NASA has discovered more than 200 new planets and 10 of them are the right size and temperature to sustain life.
The distant worlds were discovered by the planet-hunting Kepler telescope which, in four years of searching, has discovered 49 planets in the so-called Goldilocks zone.
This is the area around a star which is considered neither too hot, nor too cold, to sustain complex life.
Commenting on the discovery Kepler scientist Mario Perez said: “Are we alone? Maybe Kepler today has told us indirectly, although we need confirmation, that we are probably not alone.”
Kepler has already found dozens of worlds of interest and has still only looked at a tiny part of the galaxy.
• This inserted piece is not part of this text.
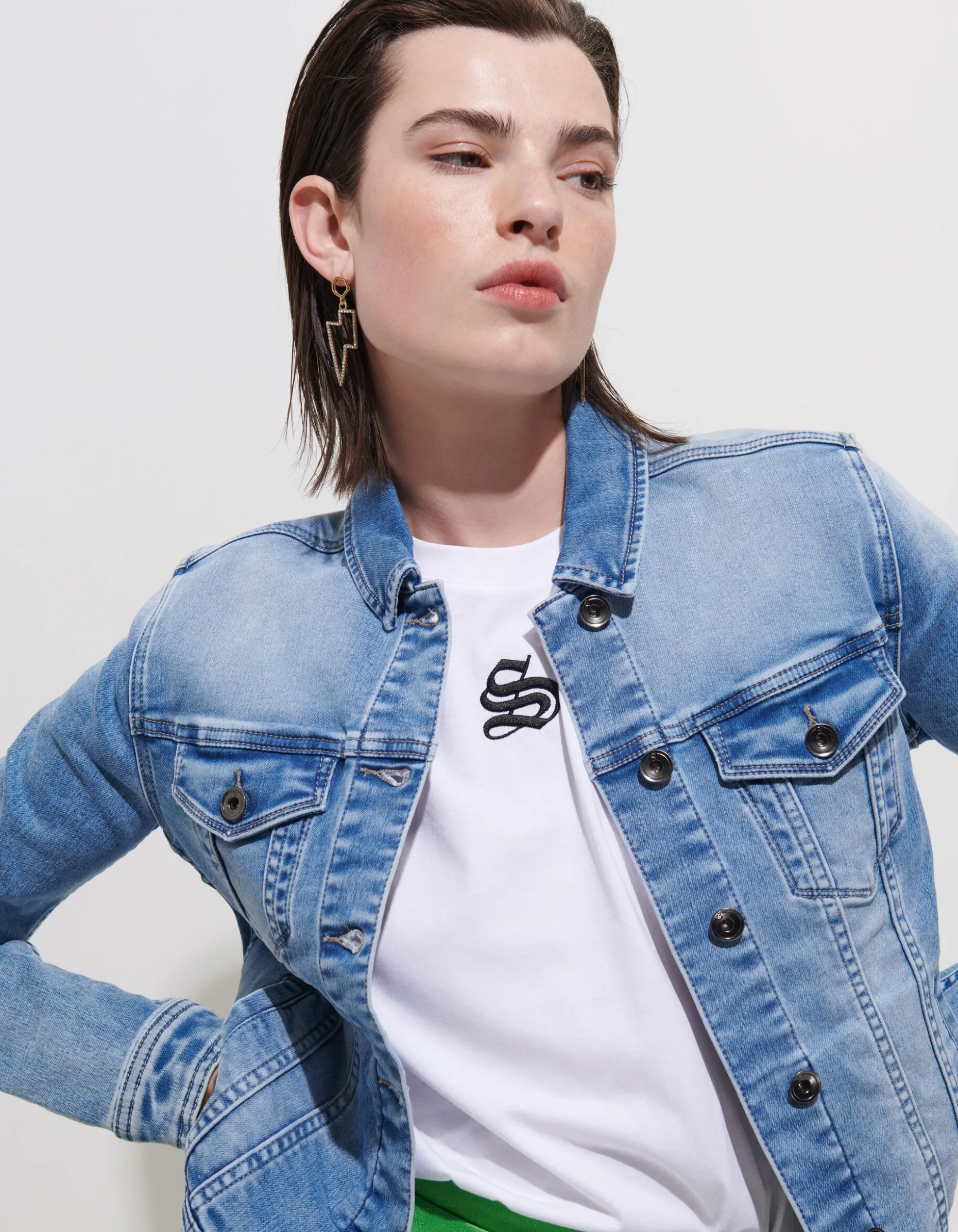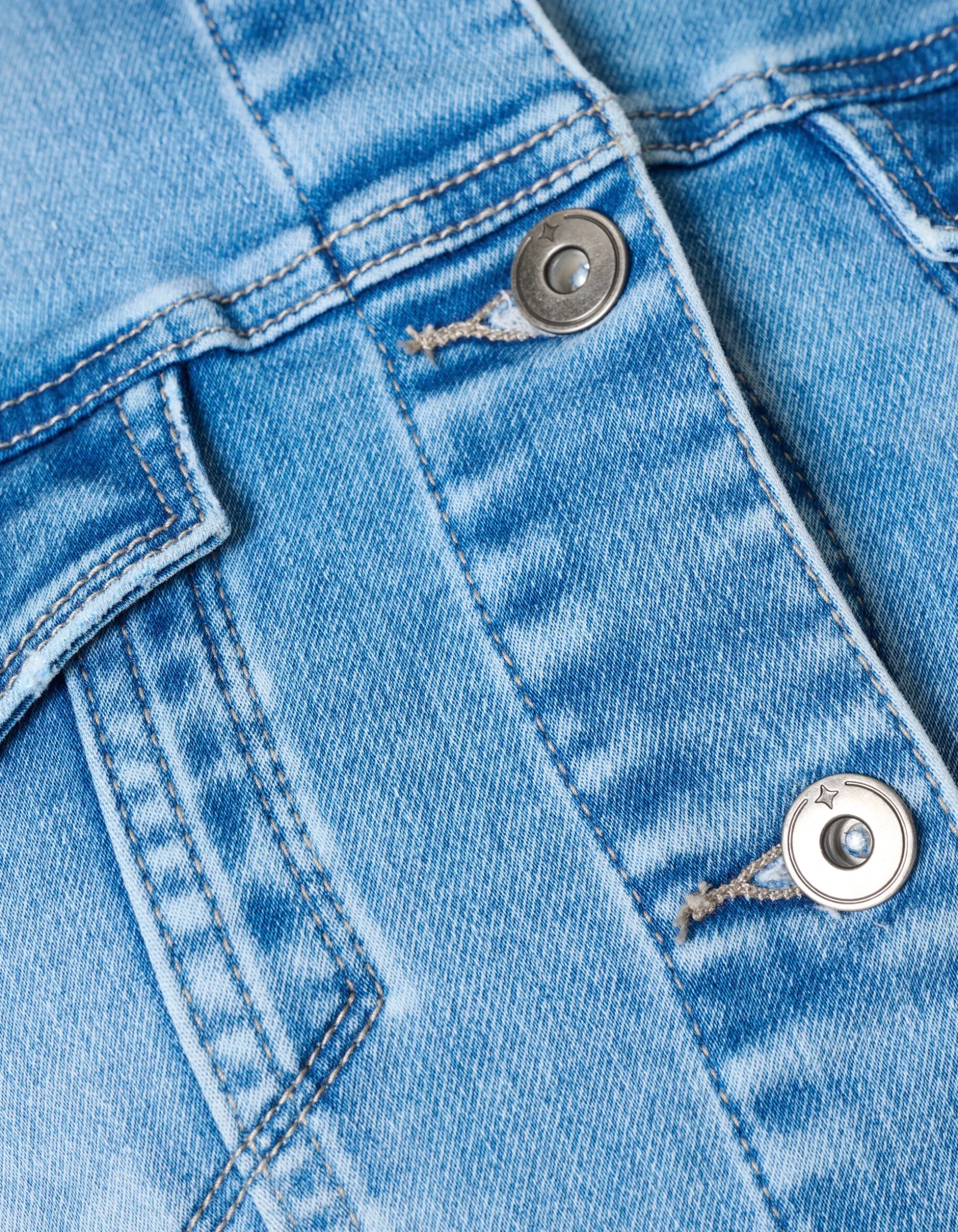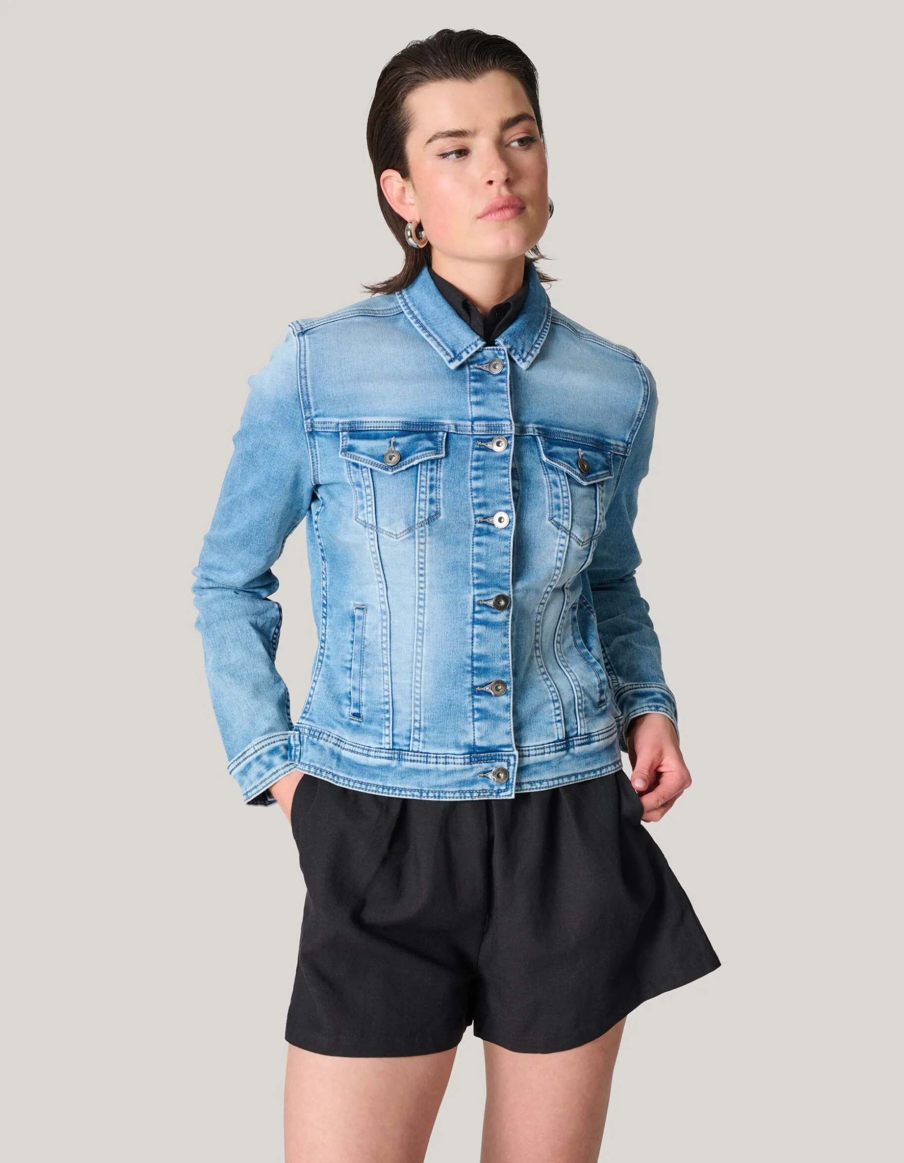 When in doubt wear denim! Het Basis Spijkerjack is een waardevolle toevoeging op jouw garderobe. Dit blauwe denim jack heeft lange mouwen, een getailleerde pasvorm, stretch in de stof en sluit door middel van knopen. Verder heeft het jasje twee borstzakken en twee steekzakken. Dankzij de lichtblauwe kleur is het item super makkelijk te combineren. Draag het jack op een mooi jurkje of een stoere vegan leather short. Combineer het samen met een trendy satijnen rok en een v-hals t-shirt voor een stijlvolle look. Het model heeft een lengte van 174 cm en draagt maat S. Het artikel heeft een totale lengte van 52 cm bij een maat S.

It has searched just a quarter of one per cent of a galaxy which holds around 200 billion stars.
Of the 10 new planets which could sustain life, NASA says seven of them circle stars which are not unlike the Sun.
The findings do not mean that the planets have life, just that the basic requirements for life have been met.
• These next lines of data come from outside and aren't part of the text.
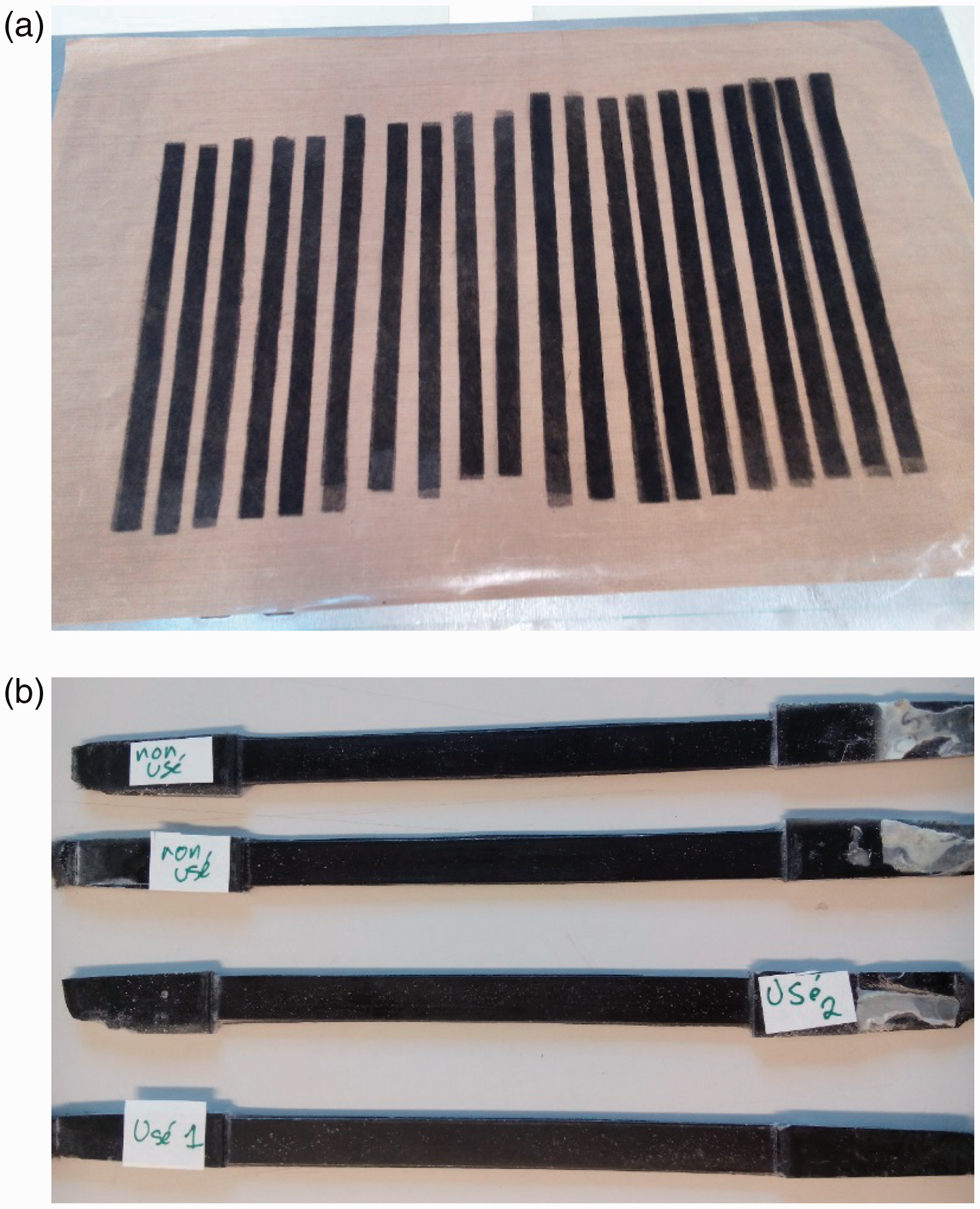 The wear of the CNTs was realized by compression with a press composite machine using a planar mould in order to ensure that the distribution of pressure on the fabric was homogeneous and polytetrafluoroethylene sheets to avoid sticking between the plies and the mould. The pressure is applied at one time on a pair of plies to create binding points between them (Figure 3(a)). The exerted pressure was chosen to induce wear of the CNTs and, in the same way, to limit the breaking damage of the fibres. Then, the value determined was around 10 MPa.
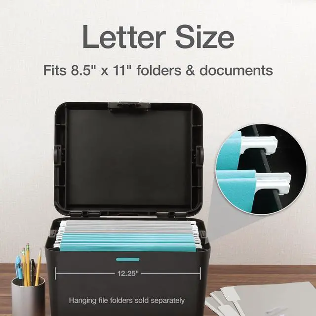 Organize letter size hanging files (sold separately) in this durable plastic file box; the lid & handle each latch down, so it stays securely closed & the material wipes clean with a disinfecting wipe
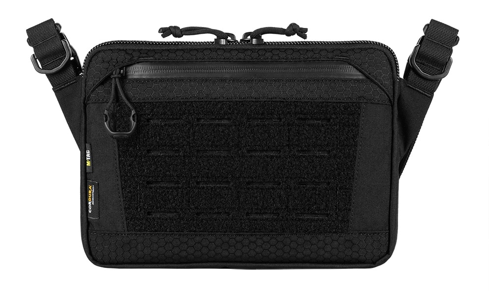 Czarna torba przeznaczona do noszenia na ramieniu. Dzięki płaskiemu profilowi i dopasowanemu kształtowi przylega do ciała, co umożliwia swobodne manewrowanie oraz łatwy dostęp do zawartości. Pozwala na użytkowanie w miejskich i terenowych warunkach. Model ma solidne zamki błyskawiczne YKK i wytrzymałe zapięcia Woojin Plastic.
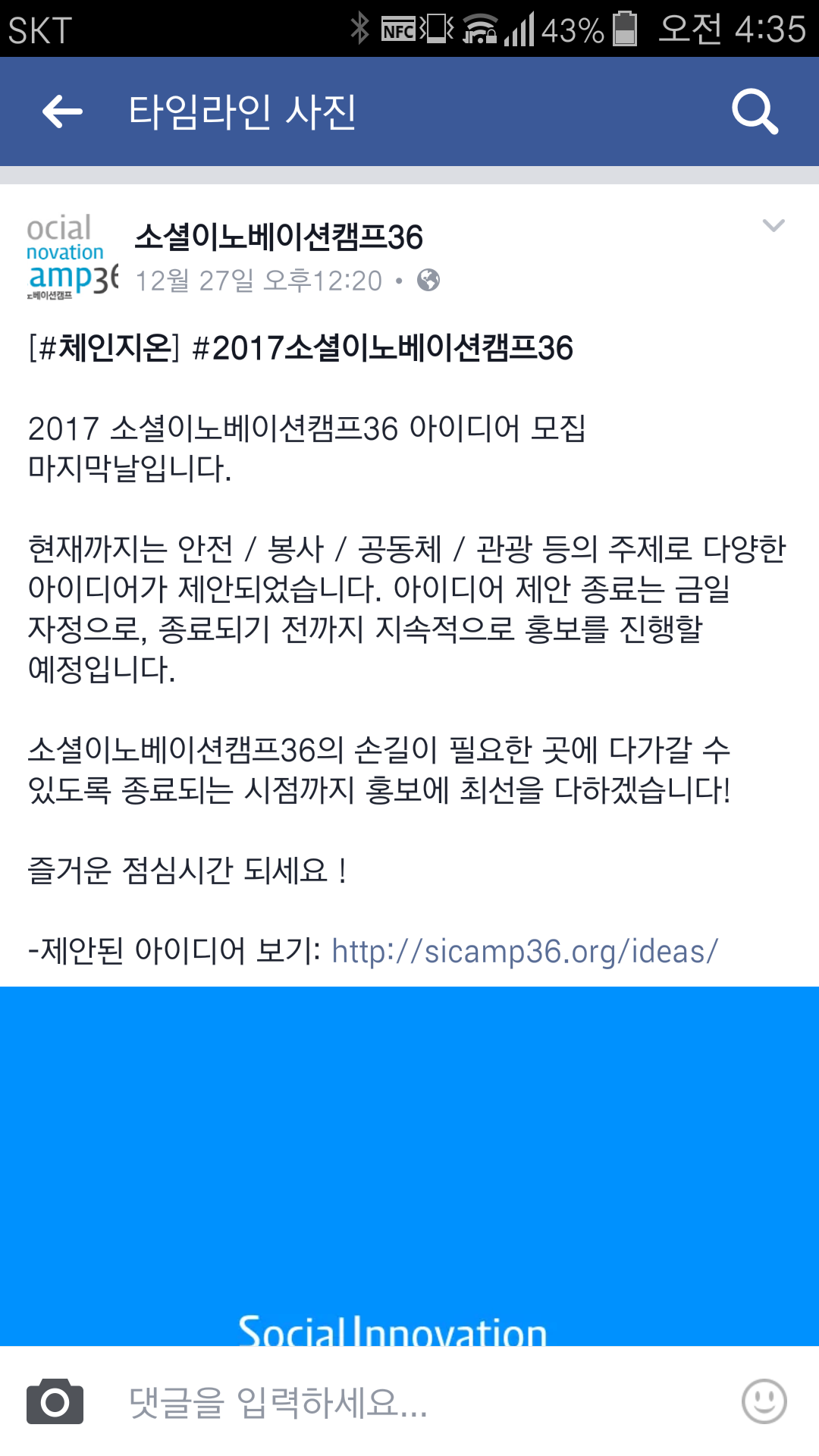 SNS를 통하여 접한 소셜이노베이션캠프36 아이디어 접수 정보이다. 27일 어제가 아이디어 마감이였는데 콸콸콸 쏟아지는 아이디어를 주체하지 못하고 쓸어 담아본다.

In all, Kelper has discovered around 4,000 ‘candidate’ planets but only about half of those have had their existence confirmed.
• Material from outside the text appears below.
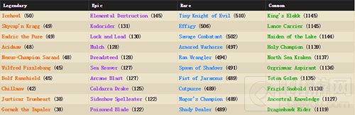 小鬼骑士,轮回,狂野争斗者,重甲战马,暴怒牧羊人,暗影子嗣,加拉克苏斯之拳,窃贼,穆戈尔的勇士,走私商人

Along with other methods of discovery it means scientists are now confident that they have identified around 3,600 exoplanets – around 60 of which could be habitable.
Scientists say it will take at least another year before they are able to confirm what percentage of stars are likely to have Earth-like planets orbiting them
Before Kepler’s launch astronomers thought about 1% of stars were likely to have them.
At conference of scientists in California at the weekend it was suggested the actual figure may be nearer to 60%.
Caltech astronomer Courtney Dressing said: “This number could have been very, very small. I, for one, am ecstatic.”